Stuffed with ground hazelnuts and topped with decadent mascarpone cream, this warm dessert is perfect for the cool evenings of late summer.


Scale

Ingredients

  • 3/4 cups toasted hazelnuts
  • 1/3 cup brown sugar
  • 1/8 teaspoon fine sea salt
  • 2 tablespoons hazelnut oil
  • 2 tablespoons unsalted butter
  • 4 large freestone peaches (ripe but firm)
  • 2 tablespoons Frangelico
  • 1/4 cup heavy cream
  • 1/4 cup mascarpone cheese
  • 1 tablespoon maple syrup
  • 1 tablespoon Frangelico

Instructions

  1. Prepare the pan and oven: Preheat the oven to 350°F. Butter an 8-inch square glass baking dish.
  2. Make the hazelnut filling: In a food processor fitted with a blade, grind the nuts, sugar, and salt until the nuts resemble couscous. Add the oil and butter and pulse until totally incorporated. The mixture will resemble coarse wet sand.
  3. Halve the peaches: Wipe the peaches with a damp cloth to remove any dirt. Leave the skins on so they will hold together while baking. Slice the peaches in half along the indentation that runs from the stem to the bottom. Cut all the way through the fruit right down to the pit. Twist the two halves apart, remove the pit and enlarge the cavity with a melon baller.
  4. Fill and bake the peaches: Place the peach halves into the prepared dish. Spoon 1 tablespoon of nut mixture into the cavity. Drizzle the Frangelico evenly over the peaches, and bake 30 to 35 minutes or until the peaches are soft.
  5. Make the mascarpone cream: In a small bowl, whisk the cream, mascapone, maple syrup and Frangelico until smooth. Set aside while the peaches bake.
  6. Assemble and serve: Allow the peaches to cool slightly before serving with a generous dollop of mascaprone cream and a drizzle of the pan juices.

Notes

If you make this with apricots, you will need 12 to 16 medium apricots.

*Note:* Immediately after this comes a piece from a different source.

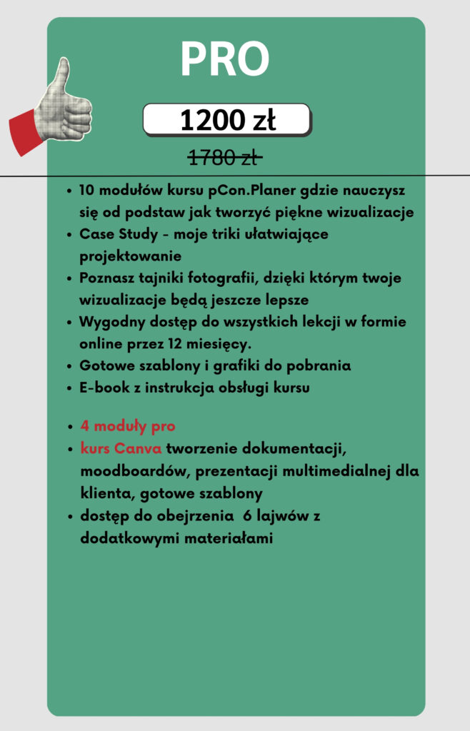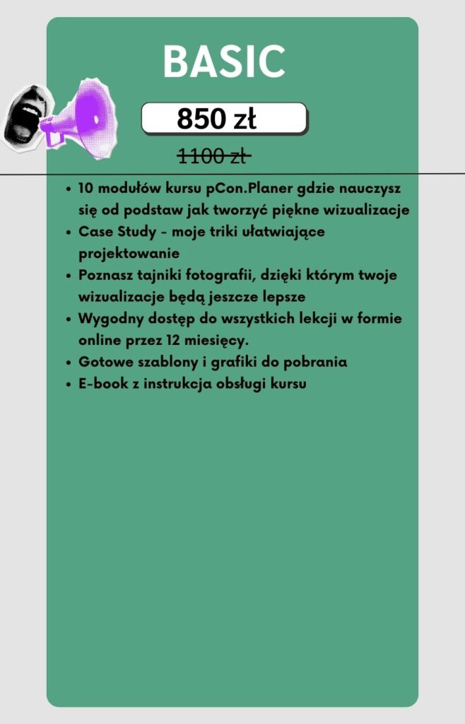 Jedyny kurs online, w którym projektantka z wieloletniemu doświadczeniem, prowadzi Cię krok po kroku przez tajniki tworzenia pięknych wizualizacji, post produkcji, tworzenia dokumentacji, kosztorysów oraz zadba o rozwój twojej firmy. Wystarczy laptop byś już za kilka tygodni, zaczęła zarabiać na swoich wizualizacjach !

There is no need to scoop out more fruit when the pit is removed. Fill each half with 1 teaspoon of the hazelnut mixture and cook for 18 to 20 minutes. Any leftover filling can be frozen for later use.

This recipe is adapted from Season Fruit Desserts:From Orchard, Farm and Market by Deborah Madison (Broadway Books, ©2010.)